# Tennessee from "Pearl Harbor" MIDI Mockup



## José Skertchly (Jul 25, 2017)

Hi! here is a MIDI mockup I did from Pearl Harbor Tennessee.

Leave your comments and thoughts!

José.


----------



## Amadeus (Jul 25, 2017)

Great work! I really enjoyed listening to it. It sounds so close to the original! May I ask what string library you used for this?


----------



## José Skertchly (Jul 26, 2017)

Amadeus said:


> Great work! I really enjoyed listening to it. It sounds so close to the original! May I ask what string library you used for this?


Thanks!
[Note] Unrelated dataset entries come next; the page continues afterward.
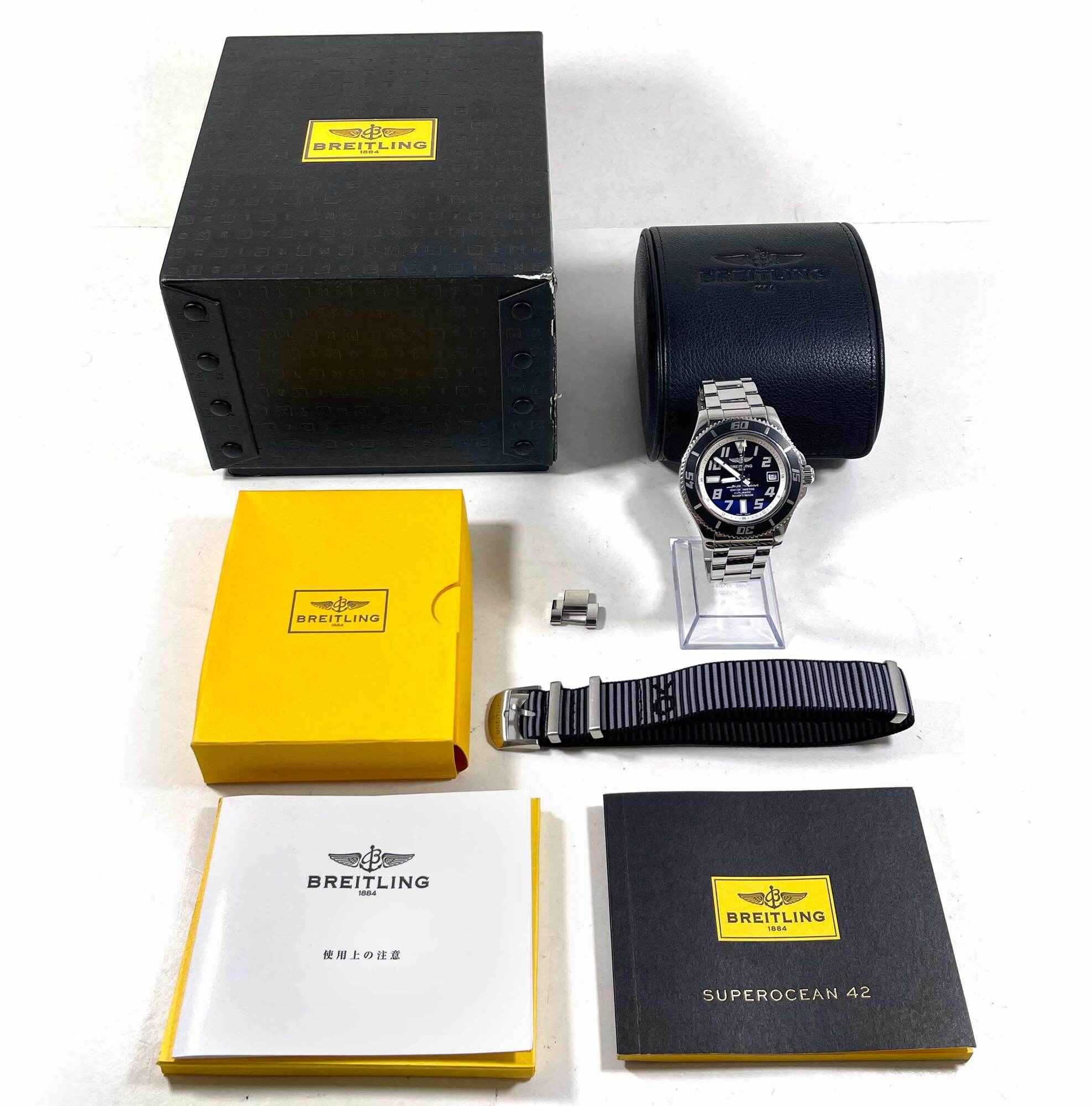 this breitling is in excellent condition and comes with its box, booklets, one spare link, and one additional breitling strap as shown in the pictures attached. This watch is in stock and available to ship immediately!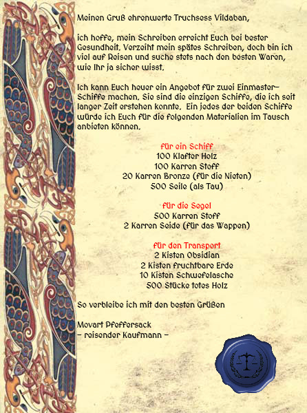 Da sich ein Angebotsaustausch auf diesem umständlichen Wege immer sehr erschwert lade ich euch herzlich ein einige Tage in Silberburg als mein Gast zu verbringen. Bei einer Audienz und weiteren Unterredung finden wir sicherlich eine gemeinsame Einigung. Lasst mich bitte wissen wann ihr gedenkt uns zu besuchen und ich werde euch eine Eskorte schicken die euch sicher empfängt und nach Silberburg geleitet.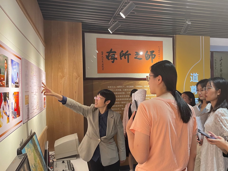 道尊师严广授业,春风化雨德育人。山东师大附中高度重视师资队伍建设,秉承着适应现代教育的发展理念,已逐步形成一支师德高尚、教艺精湛、高素质、专业化、创新型的教师团队。展厅中教改先锋、教师发展、学科团队、贴心老班、精神家园、名师星聚板块的背后是无数个春风化雨、尊师重教的动人故事,这些故事激励着在场每一位青年教师。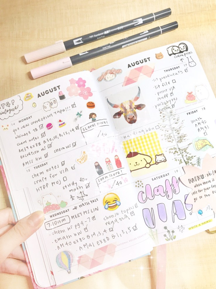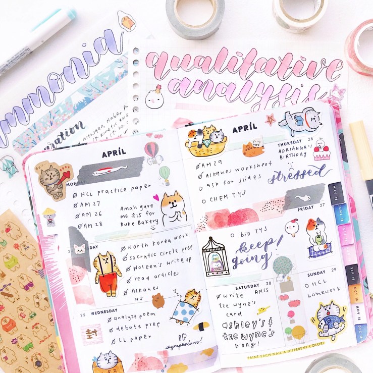 items in this picture: bujo, rude cat phone case, bunny sticker markers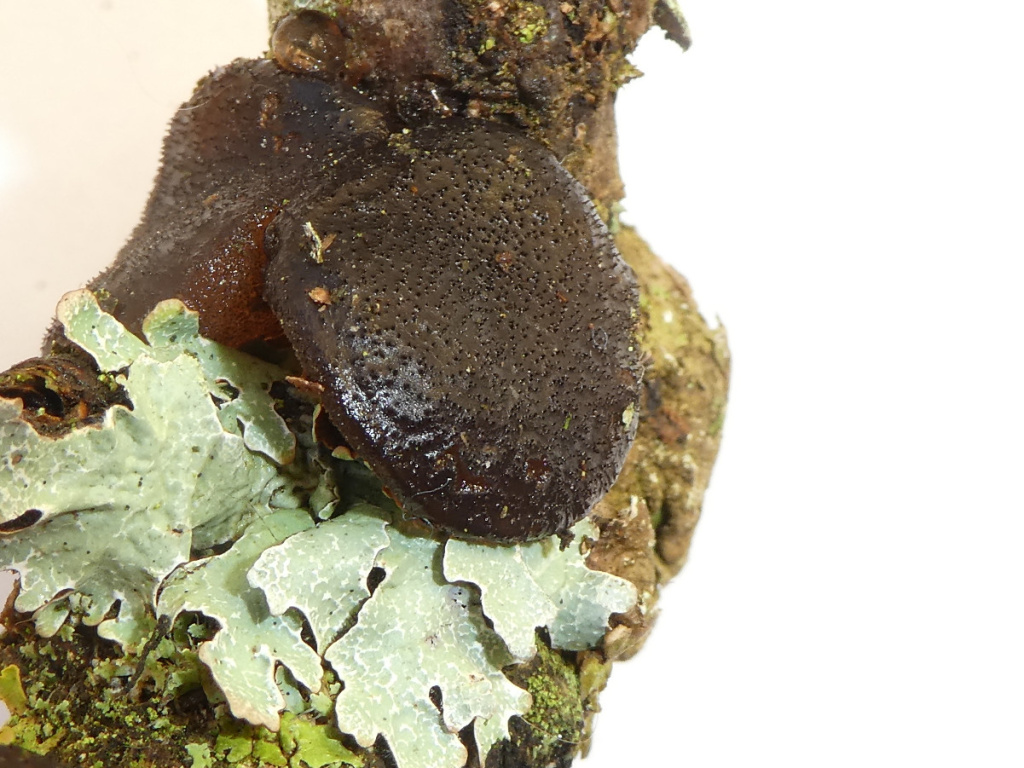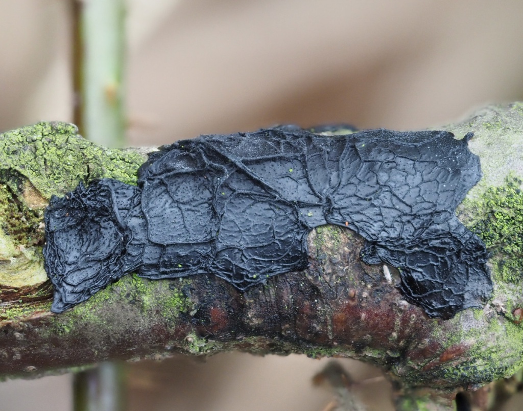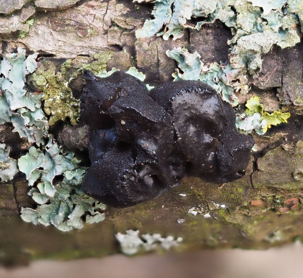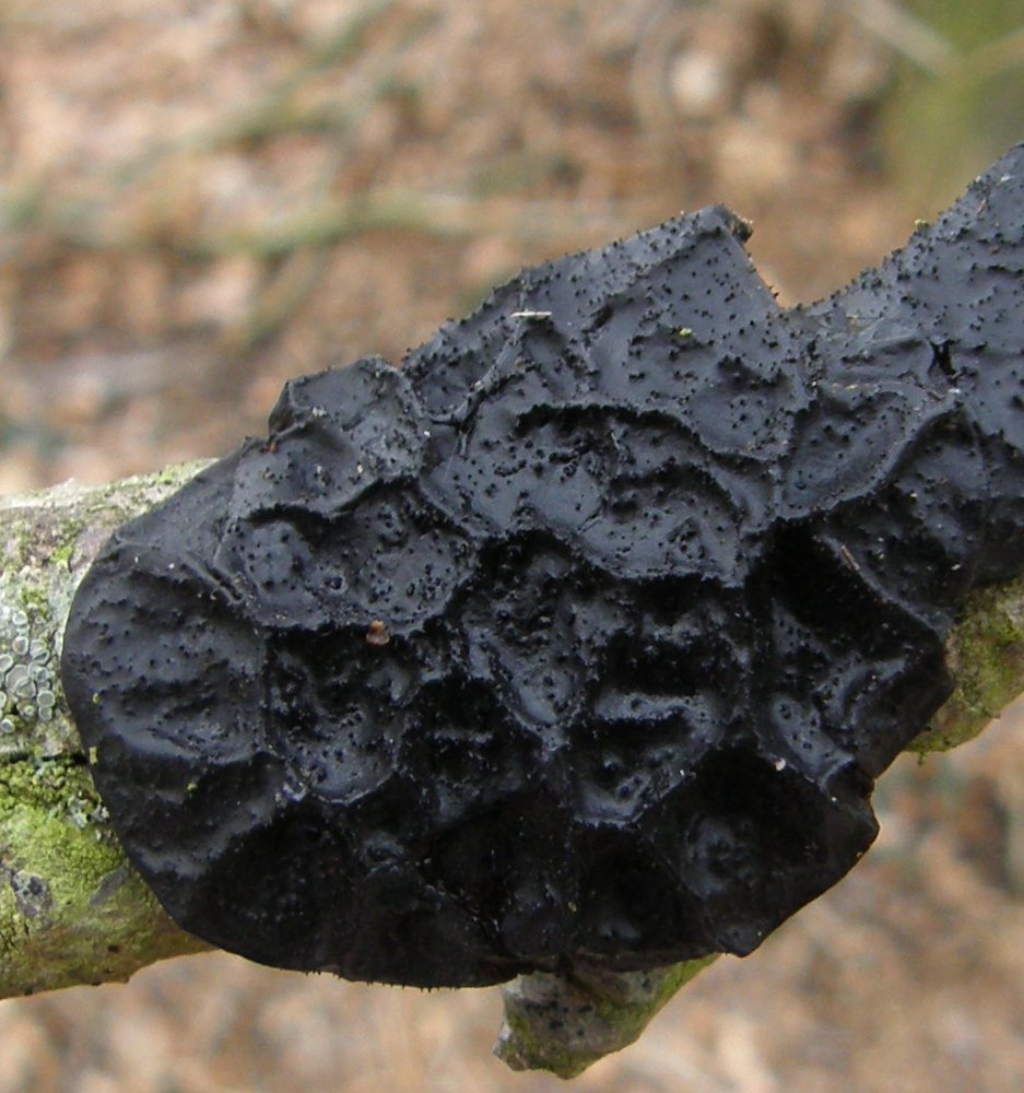 A tough jelly fungus, very dark black-brown when wet. Fruitbodies are thick, firm and shaped like discs, buttons or tops (turbinate), but may coalesce into groups of irregular blocks with flattened tops and facets. When dry it shrivels and forms an olive-brown crust over the substrate, but regains its shape and jelly-like texture when re-wetted. The brownish upper side can be matt or shiny and is hairy or scurfy. The lower (fertile) hymenium has small fine warts.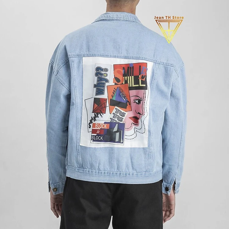 Áo khoác jean nam đắp hình Why màu xanh cơ bản năng động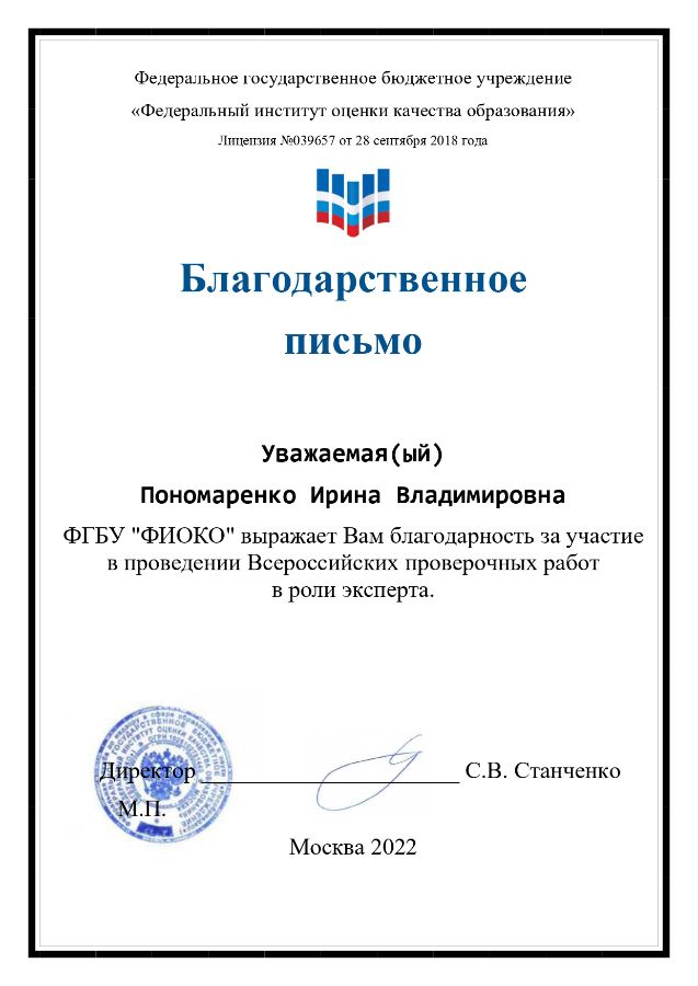 Пономаренко Ирина Владимировна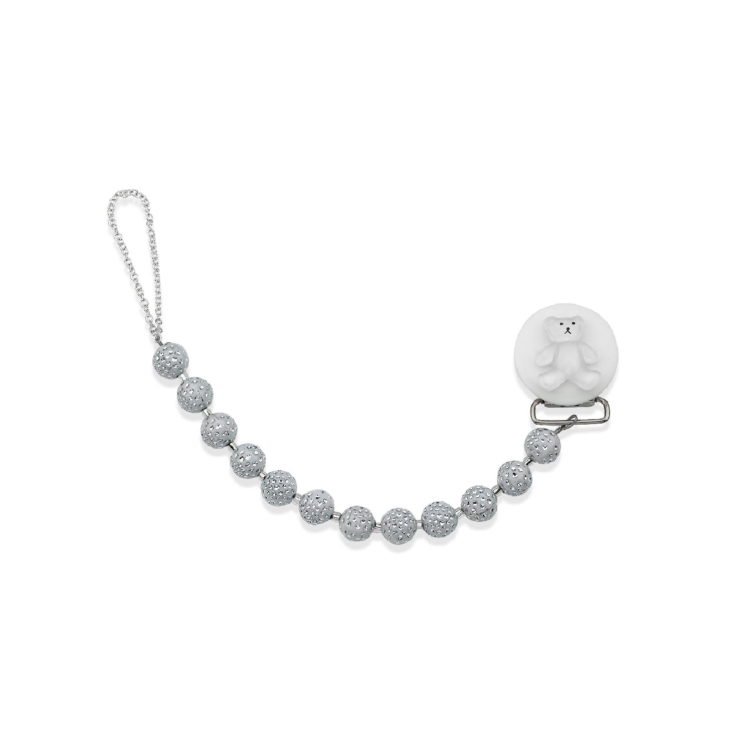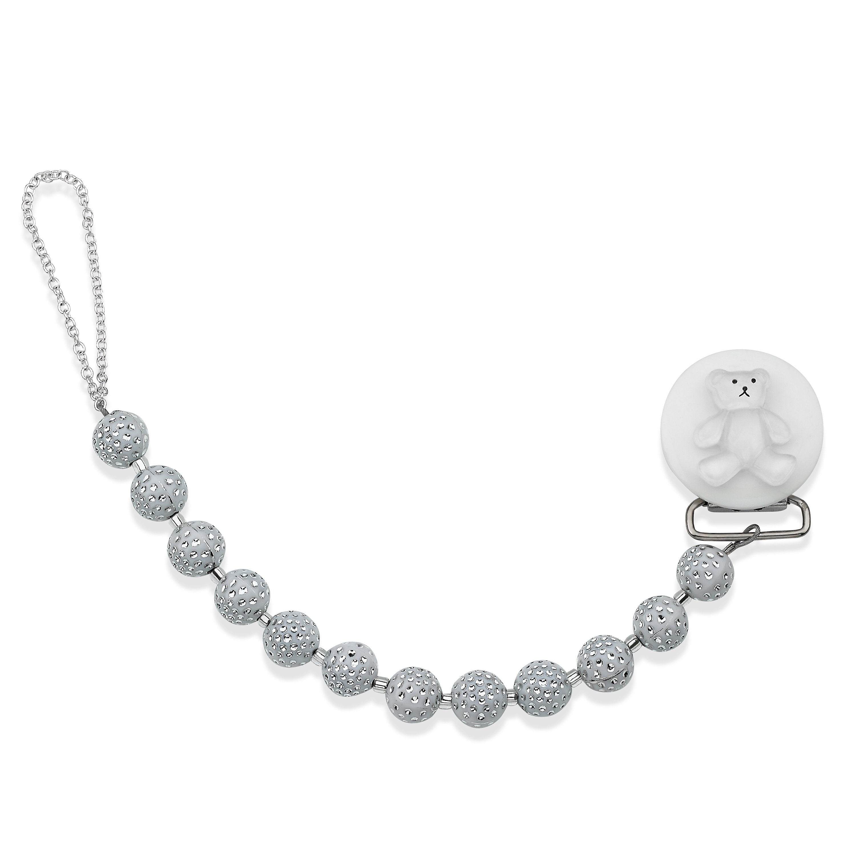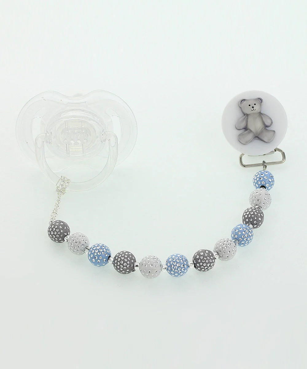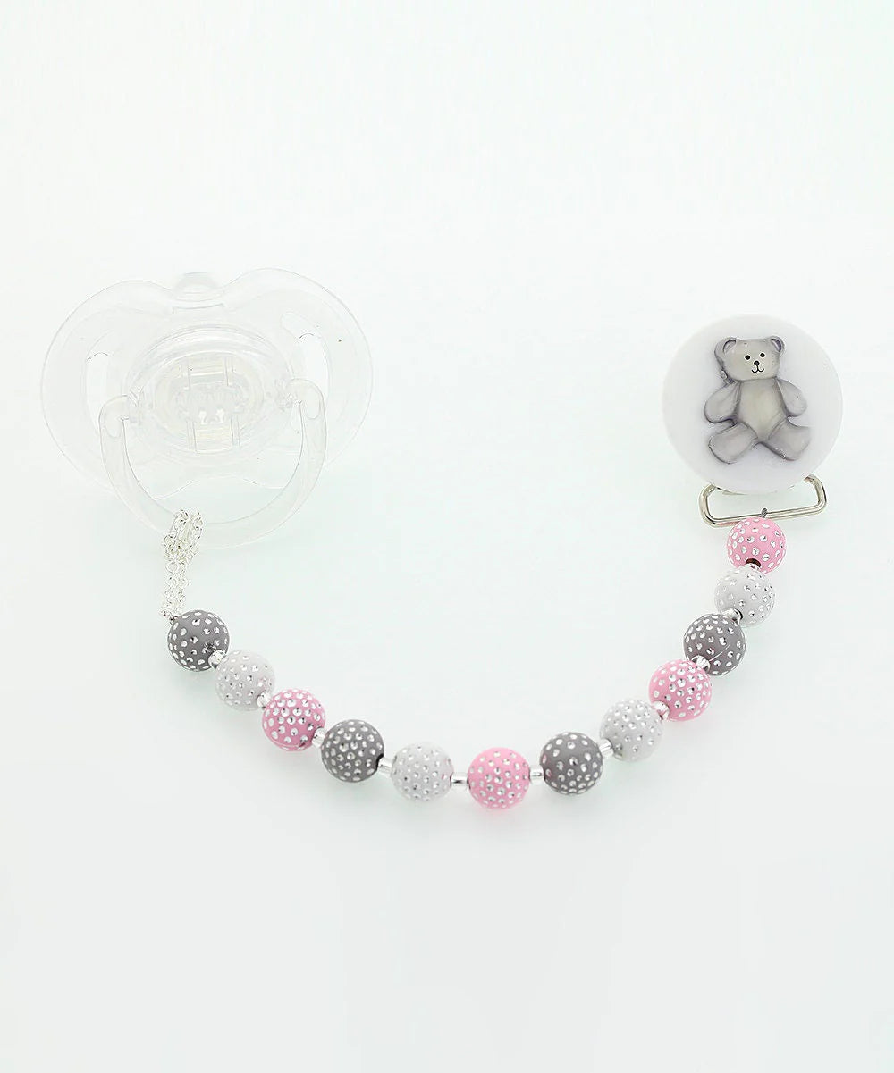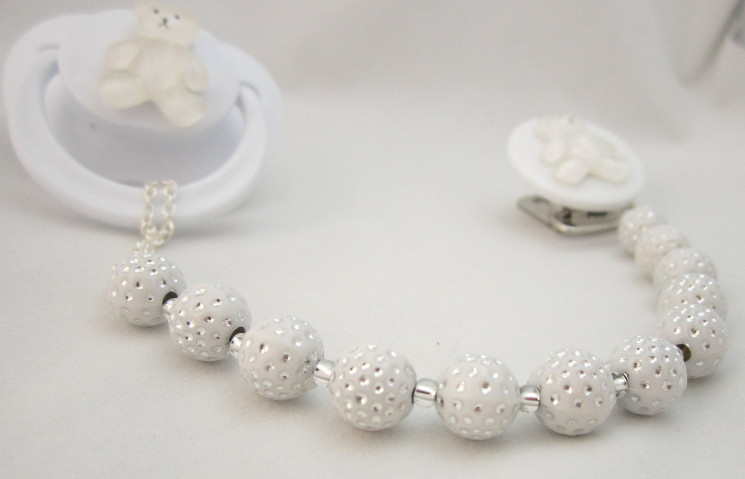 White Beaded Teddy Bear Pacifier Clip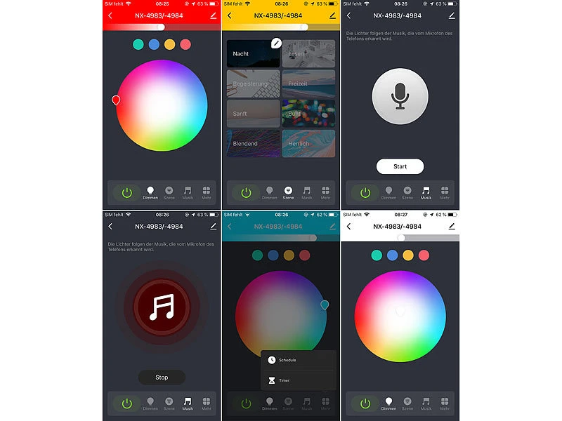 - Anpassbare Lichtfarbe: RGB (rot, grün, blau für 16 Mio. Farbtöne)
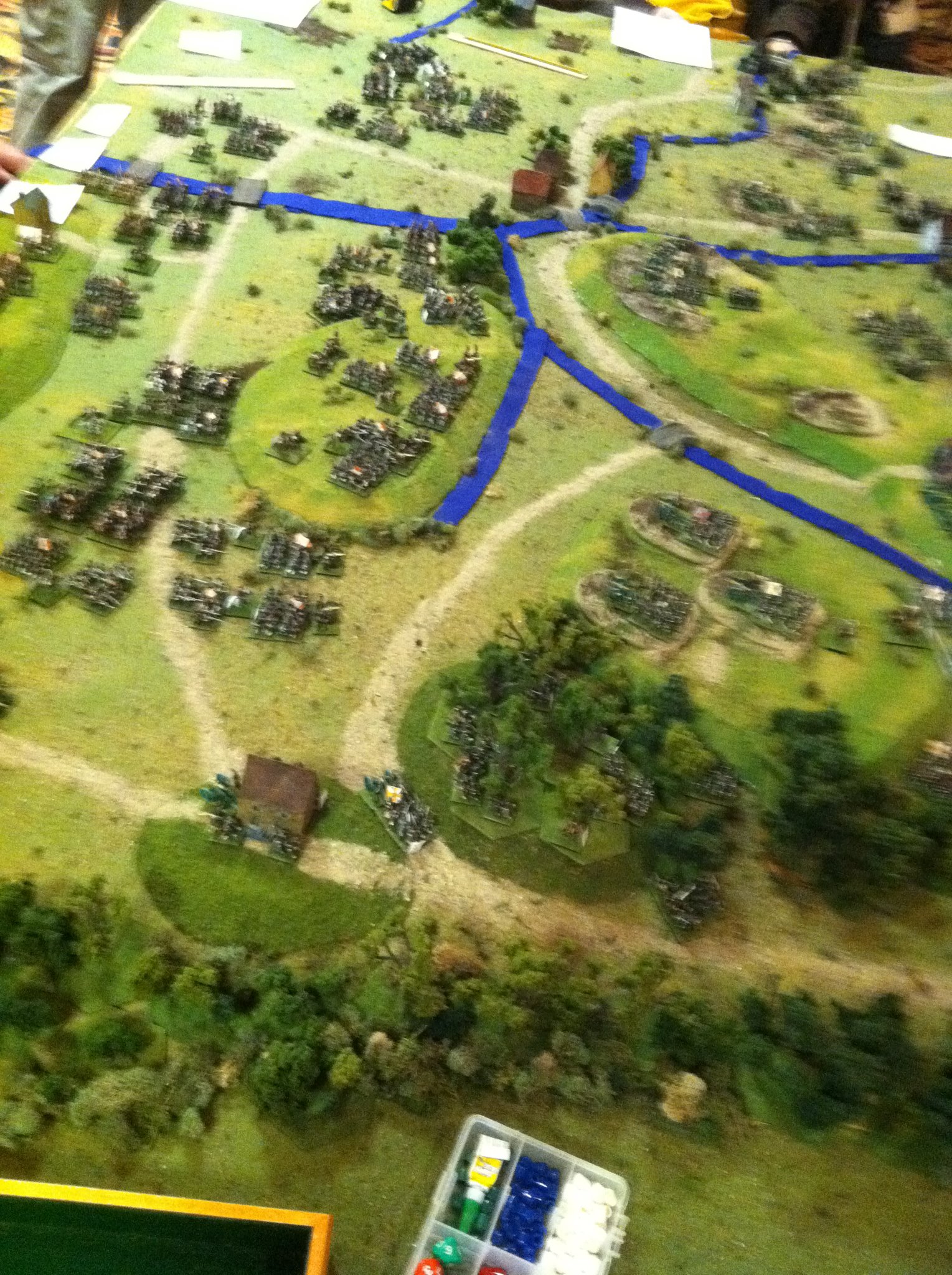 The Metropolitan Wargamers from Brooklyn, NY installed their prize-winning sand table for some highly-stylized and very playable WWII scenarios. The guys from the club arrived in Lancaster, bought the necessary materials at a nearby Home Depot and installed the table for the weekend, sculpting hills, roads and trenches out of sand, coffee and flour. Playing these scenarios really brought back the hours I would spend in the sandbox as a kid with hundreds of cheap green plastic army men.

I used Symphobia and LA Scoring Strings.


----------



## Sunshy (Aug 23, 2017)

Nice work.


----------



## Jeast (Aug 29, 2017)

Thats amazing! Sounds really good!


----------



## Circe (Aug 29, 2017)

Very good automátion between strings passages. Clean quality strings.


----------



## José Skertchly (Sep 2, 2017)

Jeast said:


> Thats amazing! Sounds really good!


Thanks!


----------



## José Skertchly (Sep 2, 2017)

Circe said:


> Very good automátion between strings passages. Clean quality strings.


Thank you!


----------